Tracie Aylmer is a human rights advocate who believes in respect for all, and has written many articles about the injustice being dealt to asylum seekers and to Indigenous Australians. But her fight for justice is not the only fight Tracie has on her hands. Here she courageously opens up tell us about this fight – a fight on a personal level that many find a taboo to reveal.
Going through early menopause can be a shock, not just for the person involved but for everyone around them.
I had started noticing symptoms early last year, which started with the hot flushes. All of a sudden sweat would drip from me for about a minute, then just as suddenly it would all stop and I’d be left freezing cold from how wet I was. This symptom lasted several months, and would come when least expected. At the time, I thought nothing of it, as I was busy.
Then the other symptoms started appearing – the lack of concentration, the tiredness, the lack of energy no matter what I did, the itching like there were a million ants crawling under my skin, and the sensitivity. Other physiological changes occurred too, but I won’t be adding those symptoms as it tends to be confronting to men in particular.
People started shying away from me. They thought I was going through some kind of severe mental illness. People no longer wanted to talk to me. They left rooms when I came in.
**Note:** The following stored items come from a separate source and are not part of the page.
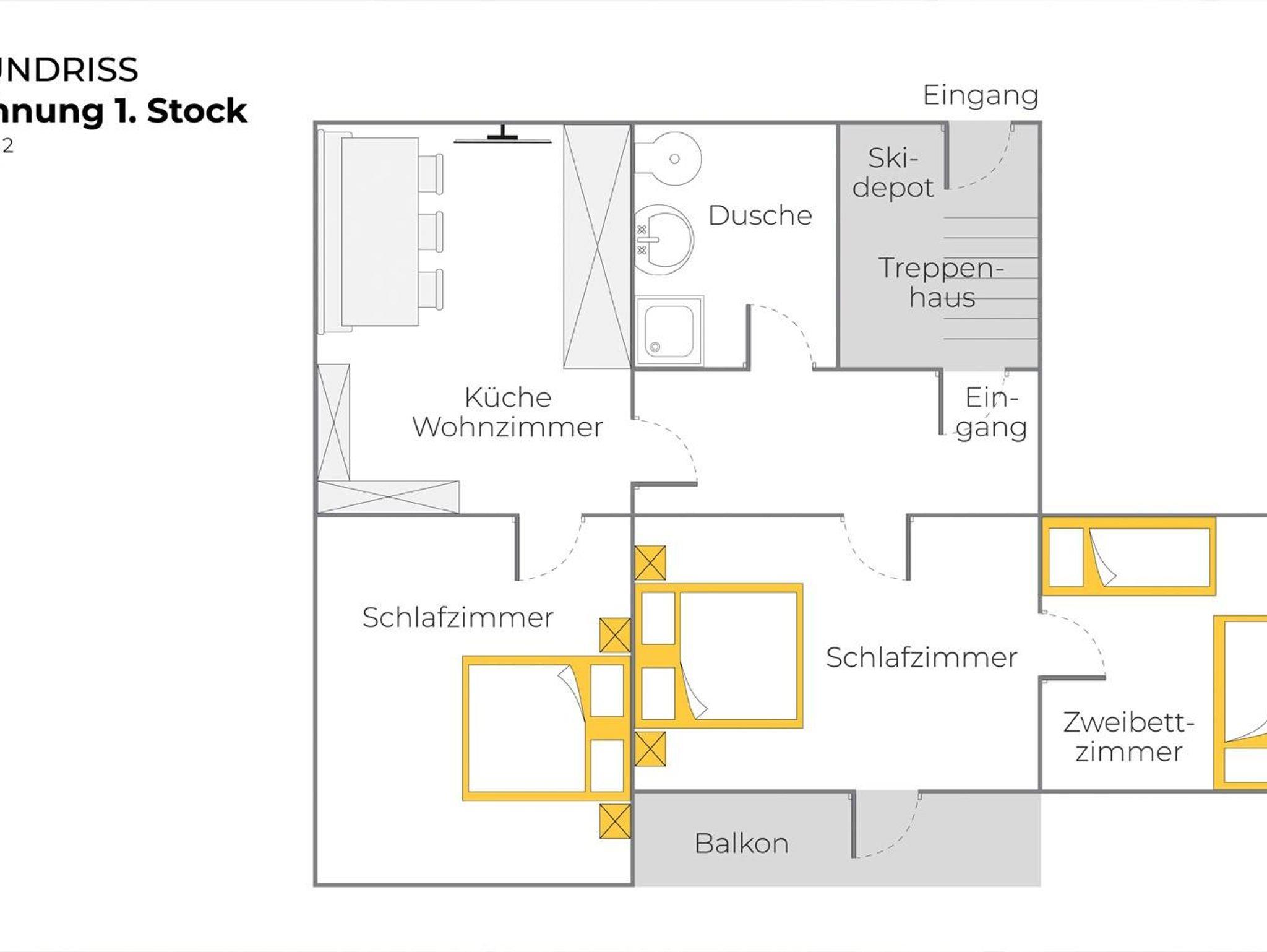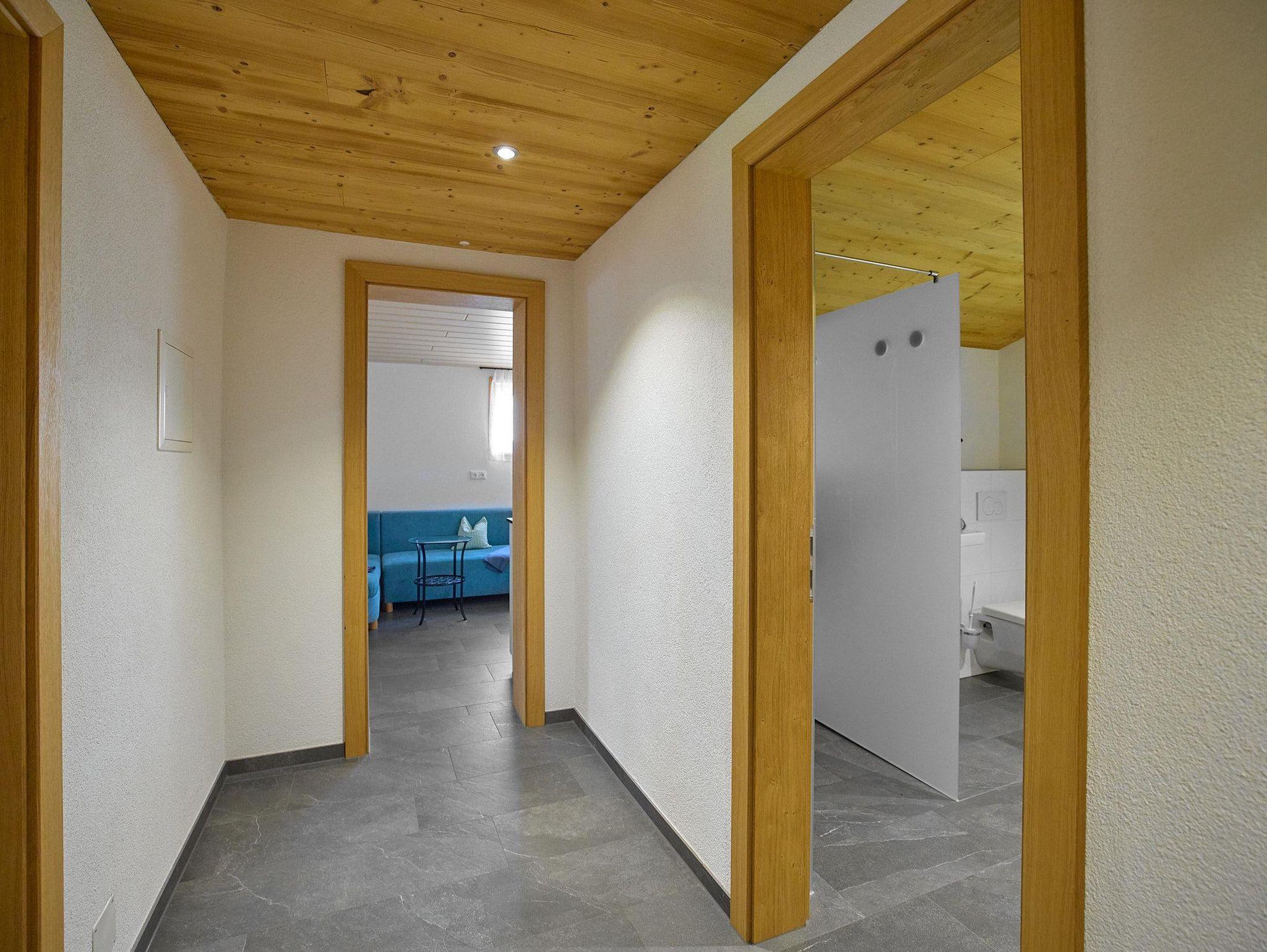 Die Wohnung parterre (ca. 85 m²) besteht aus 2 Doppelzimmer, 1 Kinderzimmer mit 1 Stockbett, 1 Badezimmer mit Dusche, 1 WC, 1 Küche mit Essecke und 1 Wohnzimmer.
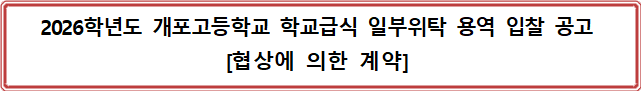 가. 용역명: 2026학년도 개포고등학교 학교급식 일부위탁 용역업체 선정
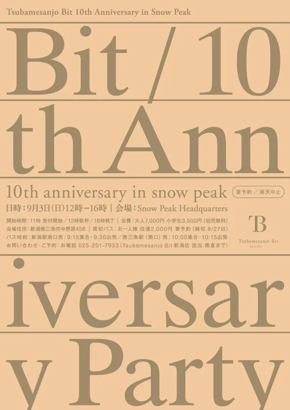 日頃のご愛顧に感謝の気持ちを込め、新潟・三条市にあります「snow peak Headquarters」にて10周年記念BBQパーティーを開催させていただきます。
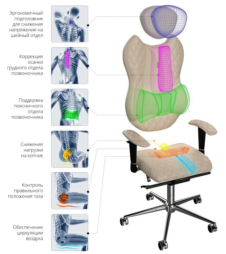 Конфигурация сиденья стула способствует правильному положению таза и обеспечивает циркуляцию воздуха.
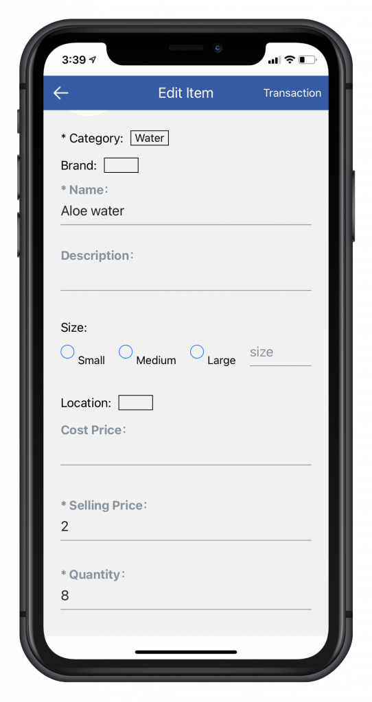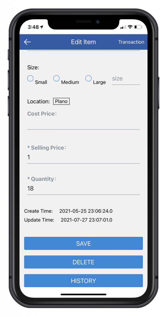 In the bottom, users can update and delete item information, and they can also check the history of transaction.

They saw there was something wrong, but I ended up being an elephant in the room. If they think I hadn’t noticed, I hope by this article that they think again. I noticed.
The past few months in particular have been quite hell. The symptoms had come in waves, and decided to magnify themselves considerably.
During these times I was unemployable. I had to leave all volunteer work, and trying to find paid employment has been impossible. The symptoms were that severe. And of course no one wanted to have a chat about it to me. People were telling me I should see a therapist, but I kept saying that I wasn’t going through any kind of mental illness, so of course I wasn’t going to see a therapist. Why should I? There was nothing mentally wrong with me. They showed signs that they didn’t believe me.
Friends became really concerned for me. They continually asked if I was OK. Of course, I was struggling. Then my housemate asked me if I was going through menopause.
Everything then clicked into place.
Every woman goes through menopause. Not one woman is immune from it. It’s the change of life, just like men have their ‘midlife crisis’ where they need to re-evaluate their lives for the next path in life. It’s a natural phase in life.
The severity of menopause depends upon each individual woman. For me, I had surgery in July 2011, plus my family is prone to more severe symptoms. Surgery, mental illness, and family history amongst other reasons could give more severe symptoms for some women. Other women may not suffer so badly, but she will still go through it. Early menopause is more likely to occur with family history as well.
Doctors can also be a pain. Male doctors are more prone to gaslight women going through menopausal symptoms, telling them ‘it’s all in their head’. This can be particularly if the blood test shows something slightly different to being affected by severe symptoms.
Eating foods high in phyto-estrogen can give a different result to what’s expected. Taking natural estrogen will also show that a woman would have estrogen in her body, when in fact she doesn’t. A male doctor won’t be able to see or understand this, and will assume that a woman has a severe mental illness rather than be going through menopause. This is particularly if it’s early.
Menopause can also happen at any time through a woman’s life. The average woman goes through it at around their early 50s. Some women go through it earlier (20s, 30s or 40s) and a few women can go through it later. There needs to be more education in relation to this. The symptoms obviously need to be explained to everyone so women can feel a little more nurtured than what this society is at present willing to accept.
Understanding the symptoms are important for everyone, and not just the woman going through it. Women are crucial to society. Without women, there wouldn’t be the future of society. As we are crucial and worthwhile, so are our hormones. It is therefore a given that everyone needs to understand what menopausal symptoms are, so they can help a woman deal with it, instead of leaving her to it, particularly if the symptoms are severe.
Right now, I am taking natural estrogen. It’s working, but of course it’s a temporary fix. I will need to go on HRT (hormone replacement therapy) as quickly as possible. My energy levels are back to what I distantly recall I used to have. I can now (finally) concentrate on completing tasks. I am starting to feel like my old self again, before my estrogen decided to dramatically deplete within my body. I now can have time to reconsider my path in life, and unfortunately I will have to leave some parts of my old life behind. People have a habit of not believing a person when they are going through severe menopausal symptoms. It’s something that should be expected. I only hope that others will be kinder to them when they go through it, than they were with me.
My friends were the kindness that I love. To them, I can only thank them for being there for me when I needed them most.